=== Begin Enclosure ===

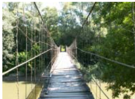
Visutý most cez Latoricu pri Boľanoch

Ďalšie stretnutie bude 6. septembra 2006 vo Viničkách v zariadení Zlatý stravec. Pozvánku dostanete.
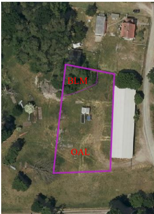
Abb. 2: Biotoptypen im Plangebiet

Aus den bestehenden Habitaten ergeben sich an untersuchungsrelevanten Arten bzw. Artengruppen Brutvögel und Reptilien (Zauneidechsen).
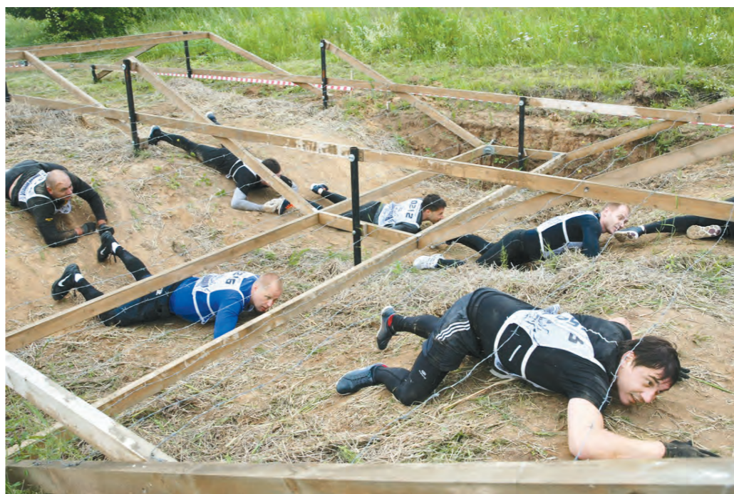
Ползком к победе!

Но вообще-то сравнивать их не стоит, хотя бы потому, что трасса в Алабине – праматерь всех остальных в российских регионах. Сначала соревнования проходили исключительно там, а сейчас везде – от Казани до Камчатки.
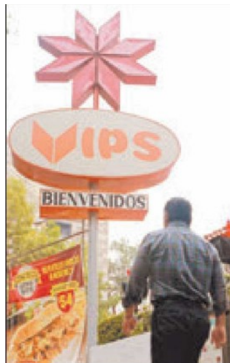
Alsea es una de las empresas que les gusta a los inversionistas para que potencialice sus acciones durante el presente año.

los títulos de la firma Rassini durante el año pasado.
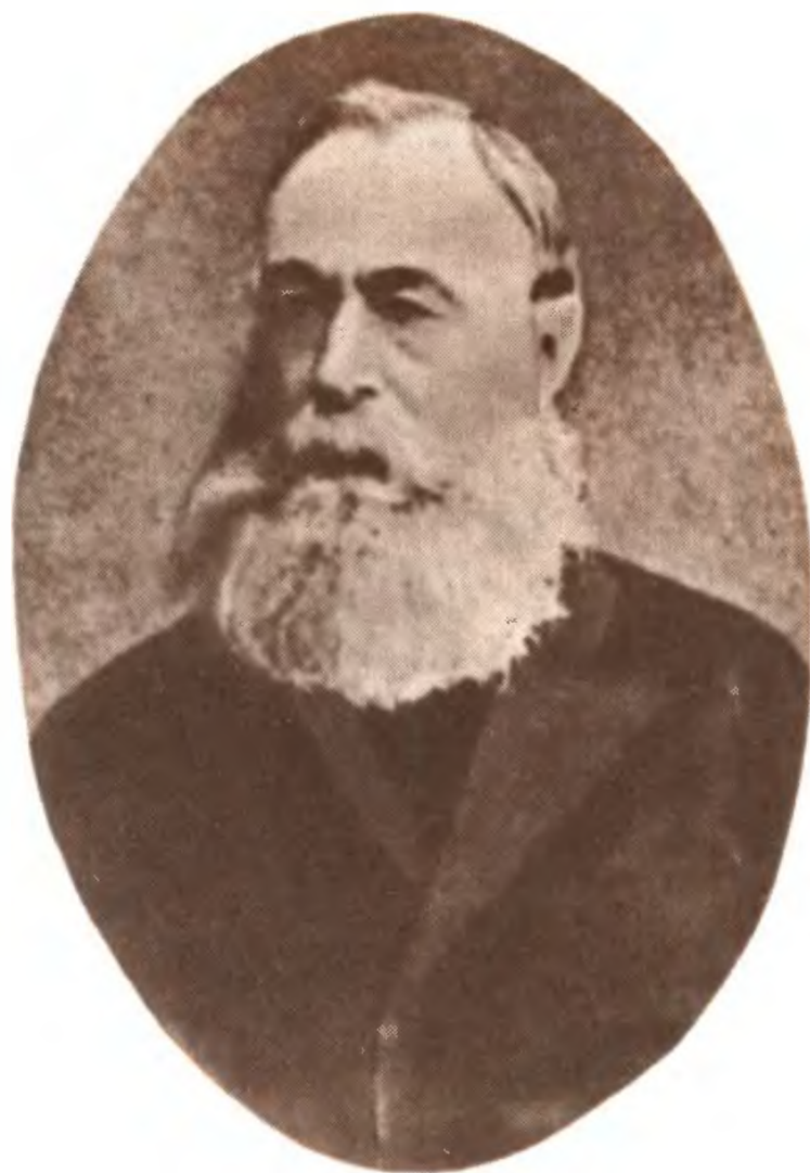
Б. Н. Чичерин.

=== End Enclosure ===

ABOUT THIS EXERCISE:
Identify and extract each line of the listing that contains "durante".

EXERCISE ANSWER:
Alsea es una de las empresas que les gusta a los inversionistas para que potencialice sus acciones durante el presente año.
los títulos de la firma Rassini durante el año pasado.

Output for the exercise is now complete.